The idea is to pack powdered benzoic acid into the satellite that will convert to gas once in the vacuum of space, blowing up the antenna to almost two metres in diameter and boosting the signal by about 16 times. The problem then is how to pack in the inflatable antenna and still allow it to unfurl. That is where the origami comes in.

A prototype of the innovative unfurling antenna students are proposing to use on their satellites. Picture: University of Melbourne.

“It is a process called vacuum sublimation and the group is now studying origami to understand how this could best work,” Mr McCann says.

“We are designing the whole system from scratch because we are engineers and that it what engineers need to do. We could easily have bought technology off the shelf to build a CubeSat, but that isn’t exciting and we wouldn’t learn nearly as much.”

Tackling red tape and costs

But the engineering challenge isn’t as hard a task as actually getting the satellite into the space. Australia doesn’t have a launch facility so the students will have to hitch a ride on someone else’s rocket. According to Mr McCann, the problem is that while a launch could cost as little as $20,000, the cost in government permits and licensing could push that cost out to $150,000 or more.

And that is before the cost of insurance. Under international space law, countries have unlimited liability for the damage their space equipment could cause, and Australia requires space initiatives to have insurance cover potentially worth as much as $750 million – the most expensive in the world and costing in the tens of millions of dollars.

The main potential risk would be if the students’ satellite, travelling at upwards of 25,000 km/hour, hit a bigger satellite, causing serious damage. However Mr McCann points out that to date, satellite insurance has never been triggered anywhere. And at low orbit the risk is even less because satellites are only in orbit for a few months at a time and expensive satellites are generally operating at higher orbits. He says the potential high cost of insurance in Australia is a major barrier, noting that in contrast a Pakistani university recently only had to have $120,000 worth of insurance cover to launch a CubeSat.

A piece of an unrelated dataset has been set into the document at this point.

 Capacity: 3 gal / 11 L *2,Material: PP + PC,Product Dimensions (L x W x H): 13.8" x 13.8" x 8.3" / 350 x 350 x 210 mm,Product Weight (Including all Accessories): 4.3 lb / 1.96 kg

The Space Programs legal team meet. Law students on the project have arguably the toughest jobs making the launch happen. Picture: University of Melbourne.

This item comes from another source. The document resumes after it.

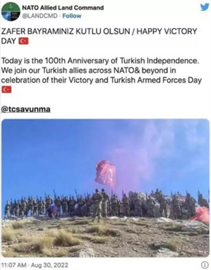 NATO Müttefik Kara Komutanlığı (LANDCOM) sosyal medya hesabından dün 30 Ağustos Zafer Bayramı'nın 100. yıl dönümünü kutlamak için paylaştığı gönderiyi Yunanistan'ın tepkisinin ardından sildi. Türk askerlerinin fotoğrafının bulunduğu gönderide, Milli Savunma Bakanlığının sosyal medya hesabı etiketlenerek Türkçe olarak, "Zafer Bayramınız kutlu olsun" denilmişti. Paylaşımın devamında İngilizce, "Bugün Türk bağımsızlığının 100. yıl dönümü. Zafer ve Türk Silahlı Kuvvetleri Günü kutlamalarında NATO ve ötesindeki Türk müttefiklerimizin yanındayız" ifadeleri kullanılmıştı.

Australia is already reviewing its Space Activities Act, partly with the aim of better adapting the legislation to the advent of tiny satellites, and a discussion paper has canvassed whether government should bear a greater portion of the insurance risk. “The government needs to consider taking on more of the risk to encourage more space activities,” says Mr McCann.

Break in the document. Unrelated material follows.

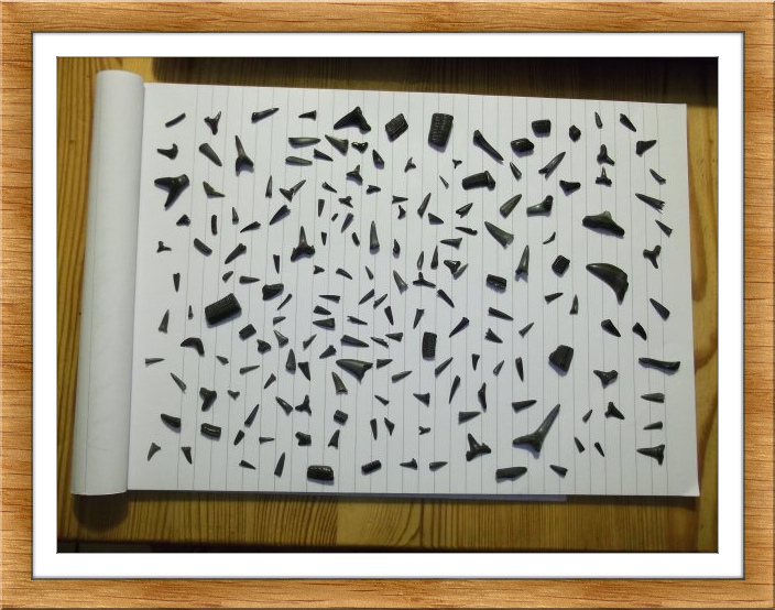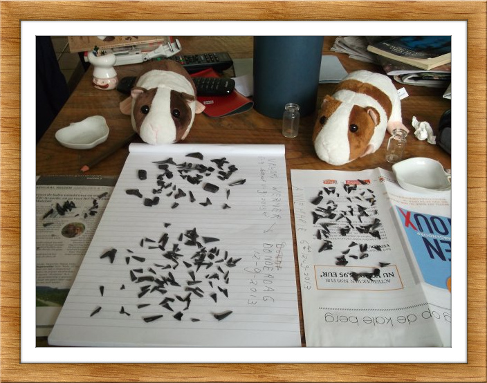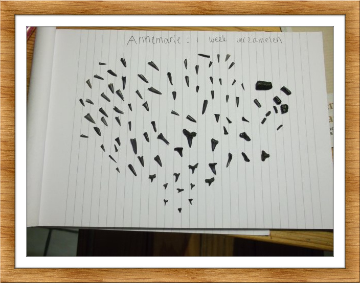 |  | Op donderdag, de dag voor ons vertrek, vonden we meer haaientanden dan in de 6 dagen ervoor bij elkaar, maar wel relatief veel lelijke. |

It is no surprise then that the insurance question, along with the other legal obligations under Australian and international space law, is providing plenty of work for the Space Program’s legal team of law students.

“We are trying to understand and address all the legal barriers to launching the satellite. Everything seems to take a lot of time and it will cost,” says Isobel Carmody, the program’s legal manager who is in the second year of her Juris Doctor at the University of Melbourne.

“It is like a big working example,” Ms Carmody says.

It is a way of putting into practise what we are studying and it is a change of pace from the theory work.

Ms Carmody did her undergraduate course in maths and physics, but studied some law as a breadth subject. She is now hoping to be able to combine the two in a career, and working on the Space Program is giving her real hands-on experience.

Science fiction like Star Wars is a great way to encourage public interest in the space industry. Toy makers Lego and Sphereo will be at the Final Frontier Festival engaging kids and adults alike. Picture: Pixabay.

From June 29-July 3 the Melbourne Space Program will host its inaugural Final Frontier Festival at the University to directly engage the public in space and the greater potential of Australia’s space industry. It will include workshops, talks, an exhibition of local aerospace start-ups, and a hack-a-thon to address space problems and is aimed not just at scientists and entrepreneurs, but also teachers and the wide public, including kids. Toy giants Lego and Sphero, maker of the latest Star Wars robot star BB-8, will also be there to engage children in learning about space.